The test participants were required to draw a spiral with the help of pen, paper and a large drawing tablet. The customized software developed by the team recorded their drawings and processed the data in real time. 

Half of the patients were affected by the disease to varying degrees, while the other half showed no symptoms of the illness. 

“We could differentiate between the patients and the healthy people by their drawings. We could also differentiate between people at different levels of severity of the disease. The spiral is a unique sketch, which allows measuring their speed, coordination and motor control,” Dr. Dinesh Kumar, a professor with the School of Engineering at RMIT University, Australia, told Sputnik.

The tool was able to determine the severity of the patients’ condition with a 93 percent accuracy rate. 

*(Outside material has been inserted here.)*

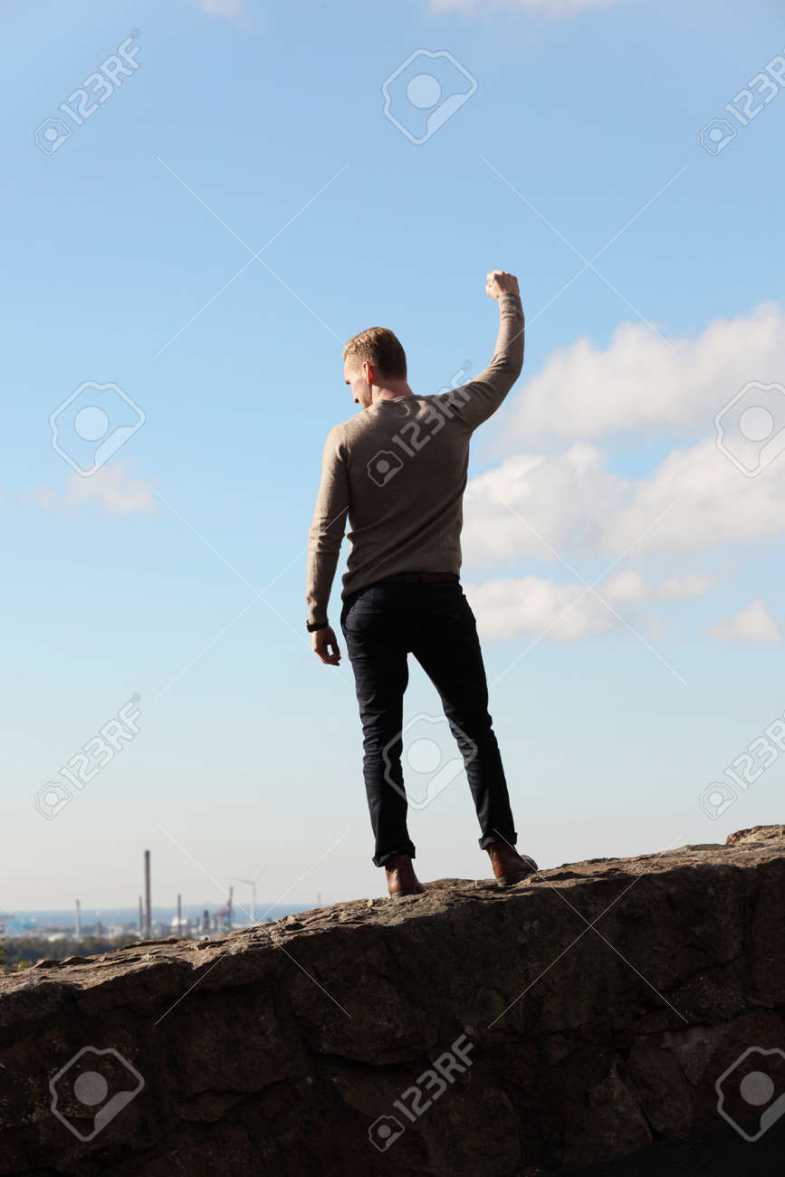 Immagini Stock Un Uomo Solo In Piedi Sulla Cima Di Un Muro Con Una Grande Vista Della Citta Di Fronte A Lui Una Giornata Di Sole Estivo Con Cielo Blu Con

Talking about how this tool could benefit people, the professor said that he hopes that in the near future this device would be available at any regular GP’s office and anyone who comes in for their checkups, and are above the age of 45, could easily get tested for Parkinson’s just by drawing a spiral. It could be extremely useful for early detection of the terrible disease.

“If you start the treatment at early stages the real bad symptoms may never come,” Kumar said.

He further spoke about how this new tool could help in “managing the disease” in a way that the patients do not suffer as they do currently.

“If you can perform a diagnosis 10 years ahead of time, we might be able to extend their good life for a couple of decades and that is going to be very good,” Kumar said.

Over 10 million people worldwide suffer from Parkinson’s disease. The cause of the disease is generally unknown, and the condition is presently incurable.